Науменко, веселым взглядом провожая нового товарища, сказал:

— От це вже мовчун, так мовчун. А таки, знаете, щось е в нього на души…

— Ну, брат, ты знай шагай, — быстро перебил его Фролов. — Не с твоими сапожищами в души лезть.

Моряк действительно оказался неразговорчивым и необщительным. Двигался он как будто механически, низко опустив голову. А когда мы выходили из леса, не последуй команда «правее», он с ходу наткнулся бы на дерево.

— Го, дывиться, — показал Науменко на Моряка, — ледве дуба не сковырнув… А очи, подывиться, яки в нього очи! — продолжал он, обращаясь к Рудю. — Дики якись. Або затуманены… Цикаво б знаты…

— Чего там «цикаво», — снова перебил Науменко Фролов, на этот раз уже сердито. — Просто устал человек.

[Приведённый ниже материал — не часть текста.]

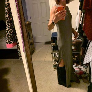 taupe-tan long tshirt dress with pocket and side slits super comfy and casual wear with tennis shoes or dressy like new!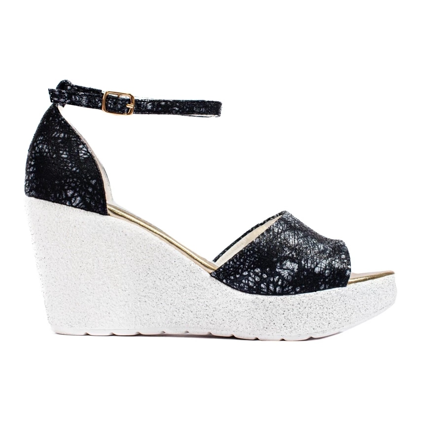 Pojedinosti: Crno-bijele ženske sandale na wedges marke Shelovet crna
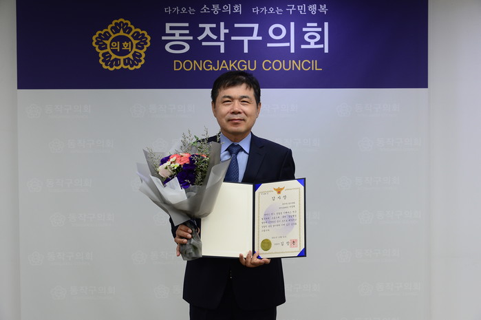 | ▲ 감사장을 받은 서정택 동작구의원이 기념촬영을 하고 있다. (사진제공=동작구의회) |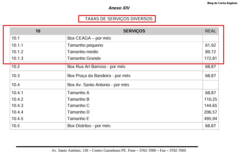 O texto também disciplina o número e o tamanho das unidades disponíveis, com 37 boxes e diversas quadras de diferentes metragens. Entre as obrigações dos permissionários estão o pagamento mensal de uma taxa de ocupação, que segundo o Código Tributário Municipal (Lei 4.325/2016), varia de R$ 61,92 a R$ 172,81, a depender do tamanho do imóvel.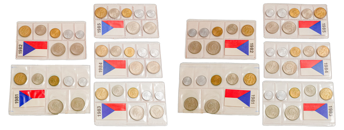 Tato sada obsahuje pět ročních oficiálních mint setů z let 1981, 1982, 1983, 1984 a 1985, každý set obsahuje sedm mincí (od 5 haléřů do 5 korun). Mince byly raženy v Kremnici, katalogová čísla KM-MS2, 3, 4, 5, 6. Jeden obal poškozen!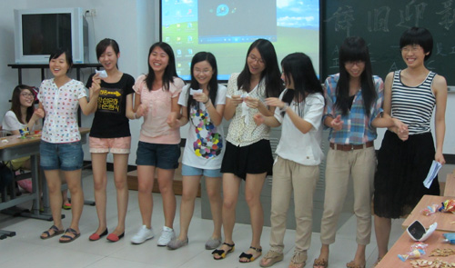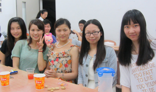陈朝滨与兼职办员工一同参加抢“麦”游戏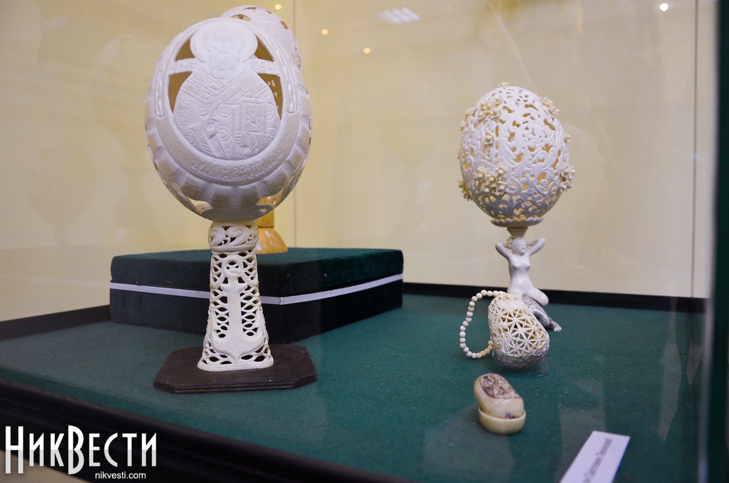Мастерица Светлана Леонова – участница более 60 отечественных и международных выставок. Работает с костью, рогом, бивнями и клыками животных, перламутром, деревом. Несколько лет назад увлеклась резьбой по шкарлупе и создала большое числа вырезанок из страусиных яиц. Является автором учебника «Возрождение забытого искусства». В настоящее время Светлана живет в Германии, на выставке присутствовала ее мать.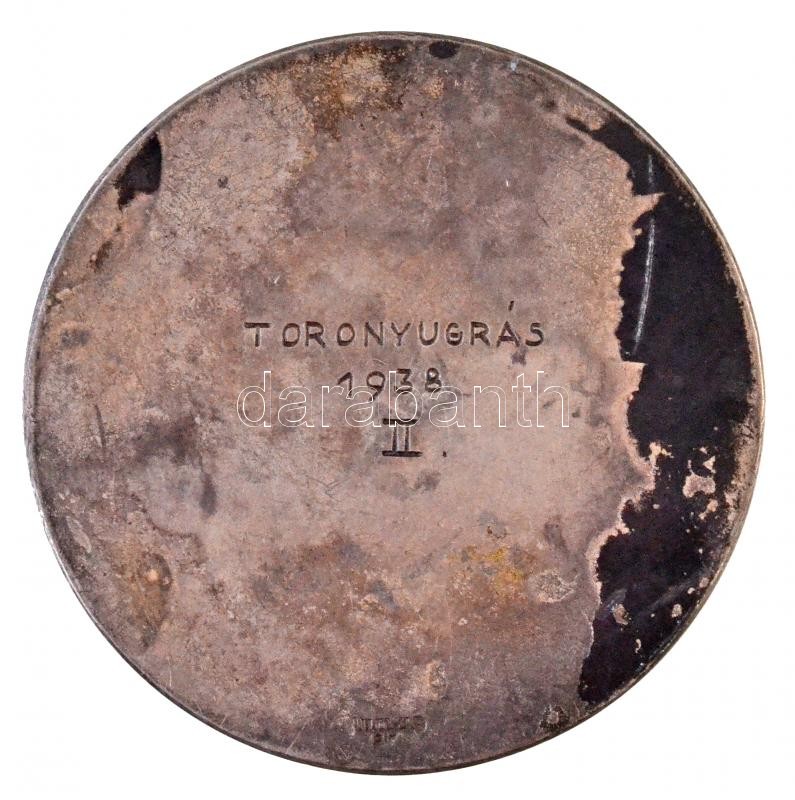 Göröntsér Greff Lajos (1888-1976) 1920. "Magyar Úszó-Szövetség Bajnoki Érme / Toronyugrás 1938 II." jelzett Ag díjérem, hátoldalon "LUDVIG BP" gyártói jelzéssel (54,71g/0.800/50mm) T:2 patina-

Науменко хоть и отличился в последних боях и в диверсиях на дорогах, всё-таки считался у нас «молодым» партизаном. Он ещё недостаточно усвоил неписанное правило партизан- «Всё, что нужно, принятый в отряд докладывает о себе командиру, комиссару и партийной организации. Всё, что хочет, рассказывает о себе товарищам». Приставать с надоедливыми расспросами к кому попало у нас не полагалось.

Опыт партизанского командира, вышедшего ещё из Брянских лесов, где я обучался искусству народной войны, говорил мне, что именно здесь, в лесах, на привалах, после ратных дел, у костров во время задушевных бесед, человек открывается полностью. Годами живешь с человеком бок о бок в городе, в обычной мирной или тыловой обстановке и не узнаешь его так, как узнаешь за несколько дней здесь, в тылу врага, в условиях тяжелой партизанской жизни.

Но… на новом месте наш новичок продолжал оставаться таким же угрюмым, каким был в первые дни нашей встречи. У него была какая-то заторможенность движений и речи. В лагере он всё делал вяло, говорил тихо, приглушенным голосом, с паузами, как будто с трудом находил нужные слова, и всё, казалось, к чему-то прислушивался.

По вечерам Моряк долго засиживался у костра и что-то мастерил.

Однажды к нам в шалаш зашел Науменко и таинственным шепотом сообщил:

— Якусь дуду зробыв з вербы. Мабуть, грать шось хоче…

И скрылся в темноте.

— Странный парень этот Пятра, странный, — сказал Рудь, когда ушел Науменко. — Пробовал расшевелить его разговорами о Молдавии, — молчит!

— Тяжелый, — подтвердил я. — Недаром камнем прозывается.

За время войны мне приходилось встречать много самых разнообразных людей — веселых, несмотря ни на какие невзгоды, и скучных, даже в самые светлые и радостные минуты, очень словоохотливых и молчунов, замкнутых, скрытных и, как говорится, с душой нараспашку.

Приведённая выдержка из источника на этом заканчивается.